O nome celacanto tem origem no gênero do Permiano Coelacanthus, que foi o primeiro gênero de celacantos nomeado cientificamente em 1839, tornando-se o gênero-tipo de Coelacanthiformes à medida que outras espécies foram descobertas e nomeadas.[4][5] Bem representados em depósitos de água doce e marinhos desde o período Devoniano (há mais de 410 milhões de anos), acreditava-se que eles haviam sido extintos no Cretáceo Superior, há cerca de 66 milhões de anos.
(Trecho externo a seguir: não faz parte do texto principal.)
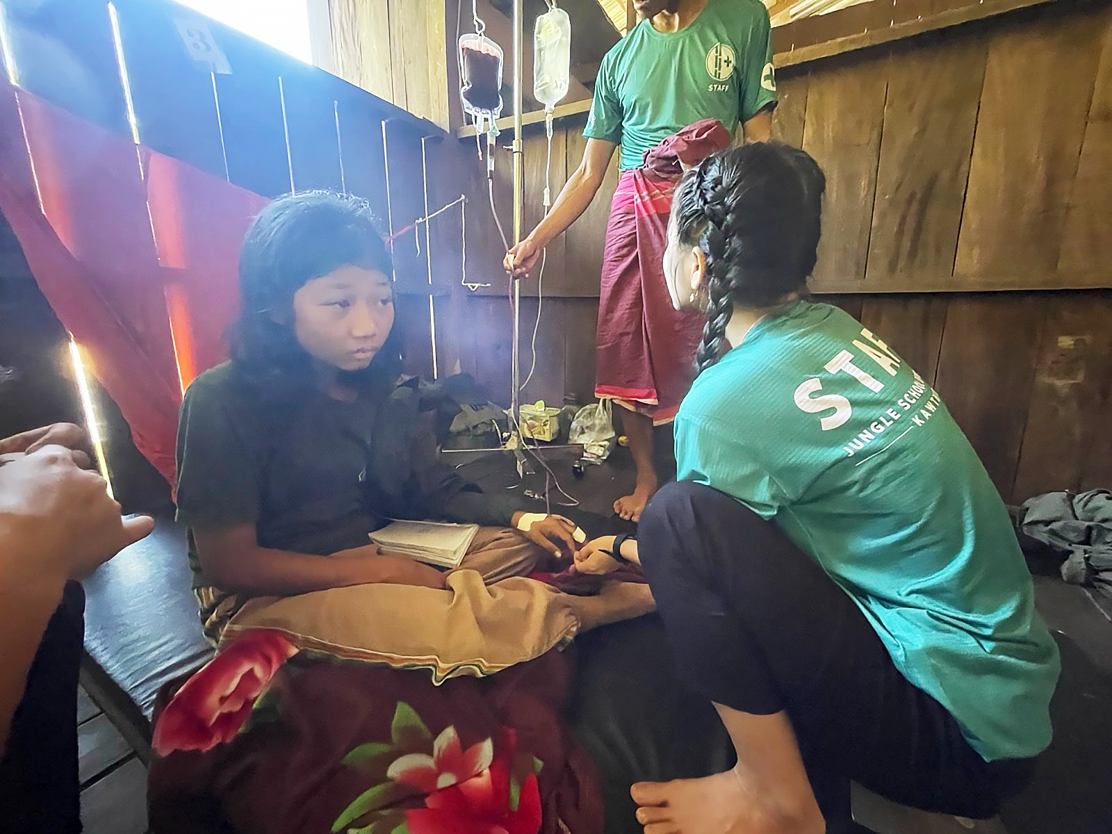 A young woman is treated by medics from FBR’s Jungle School of Medicine Kawthoolei. |

A primeira espécie viva, Latimeria chalumnae, o celacanto do Oceano Índico Ocidental, foi descrita a partir de espécimes pescados na costa da África do Sul a partir de 1938;[6][7] sabe-se agora que também habitam os mares em torno do Arquipélago das Comores, ao largo da costa leste da África. A segunda espécie, Latimeria menadoensis, o celacanto indonésio, foi descoberta no final da década de 1990, habitando os mares do leste da Indonésia, de Manado a Papua.[8]
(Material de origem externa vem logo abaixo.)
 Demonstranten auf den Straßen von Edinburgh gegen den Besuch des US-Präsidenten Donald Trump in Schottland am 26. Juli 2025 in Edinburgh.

O celacanto (mais precisamente, o gênero atual Latimeria) é frequentemente considerado um exemplo de "fóssil vivo" na ciência popular porque era considerado o único membro remanescente de um táxon conhecido apenas por fósseis (um relicto biológico),[9][10]:1 evoluindo um plano corporal semelhante à sua forma atual há aproximadamente 400 milhões de anos.[1] No entanto, estudos de celacantos fósseis mostraram que as formas corporais do celacanto (e seus nichos) eram muito mais diversas do que se pensava anteriormente e frequentemente diferiam significativamente do Latimeria.[11][12][13]
Etimologia
A palavra celacanto é uma adaptação do latim moderno Cœlacanthus ('espinho oco'), do grego antigo κοῖλ-ος (koilos, 'oco') e ἄκανθ-α (akantha, 'espinho'),[14] referindo-se aos raios ocos da barbatana caudal do primeiro espécime fóssil descrito e nomeado por Louis Agassiz em 1839, pertencente ao gênero Coelacanthus.[10]:1 O nome do gênero Latimeria homenageia Marjorie Courtenay-Latimer, que descobriu o primeiro espécime.[15]
Descoberta

Os fósseis mais antigos de celacantos foram descobertos no século XIX. Acreditava-se que os celacantos haviam sido extintos no final do período Cretáceo.[16] Mais intimamente relacionados aos tetrápodes do que aos peixes com nadadeiras raiadas, os celacantos eram considerados uma forma de transição entre peixes e tetrápodes.[17]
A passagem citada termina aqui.